The 2002 Kansas gubernatorial election was held on November 5, 2002. Incumbent Governor Bill Graves, a Republican, was barred from seeking a third term by the Kansas Constitution. Kansas Insurance Commissioner Kathleen Sebelius, the Democratic nominee, ran against Kansas State Treasurer Tim Shallenburger, the Republican nominee, with Sebelius defeating Shallenburger to become the second female Governor of Kansas after Joan Finney who served as governor from 1991 to 1995.

Democratic primary

Candidates
Kathleen Sebelius, Kansas Insurance Commissioner

Results

Republican primary

Candidates
Tim Shallenburger, Kansas State Treasurer (1999–present) and former state representative (1987-1998)
Running mate: Dave Lindstrom, former Kansas City Chiefs defensive end and businessman
Dave Kerr, Kansas State Senator
Running mate: Mary Birch, former president of the Overland Park Chamber of Commerce (1984-2002)
Bob Knight, Mayor of Wichita, Kansas
Running mate: Kent Glasscock, Speaker of the Kansas House of Representatives (2001-2003) and state representative (1991-2003), was Carla Stovall's running mate until she dropped out.
Dan Bloom, real estate developer and former Superintendent of the Eudora school district
Running mate: Eric Bloom, architectural engineering student

Withdrawn
Carla Stovall, Kansas Attorney General (1995-2003).
 Running mate: Kent Glasscock, Speaker of the Kansas House of Representatives (2001-2003) and state representative (1991-2003)
Initially, Stovall was one of the presumed "front-runner" candidates, and her anticipated run against the probable Democratic nominee, Kansas Insurance Commissioner Kathleen Sebelius, drew national attention as becoming possibly a rare "woman-vs.-woman" gubernatorial race. Though the front-runner among moderate candidates — and confident that she would win if she stayed in the race — Stovall dropped out in April, 2002, citing a lack of enthusiasm for campaigning, and for the job of governor, and announced plans to marry Kansas media mogul Larry Steckline, whom she married in August.

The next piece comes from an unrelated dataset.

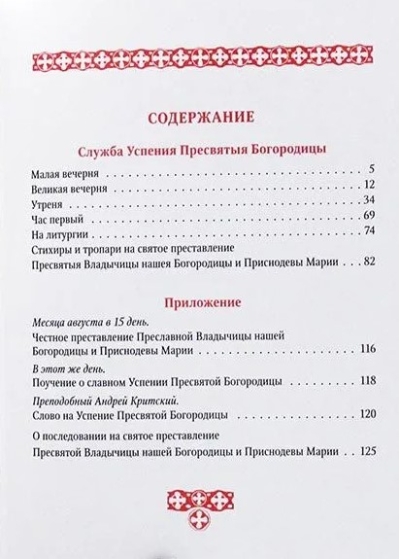 Это издание должно не только помочь священнослужителям и певчим при совершении служб праздника Успения Пресвятой Богородицы, но и дать возможность молящимся следить за ходом службы.

Stovall's abrupt withdrawal threw the moderate wing of the Kansas Republican Party into chaos, as they scrambled to replace her. Kent Glasscock, her running mate, was the heir-apparent, and claimed entitlement to Stovall's campaign funds, but conservative opponent Tim Shallenberger, the incumbent State Treasurer, argued that the funds, per his interpretation of state law, had to be returned to the state Republican party, or to the donors, a charity, or the state government's general revenue fund. Additional Republican candidates began to emerge, also, further complicating the race. Glasscock ultimately became a running mate for gubernatorial candidate Bob Knight.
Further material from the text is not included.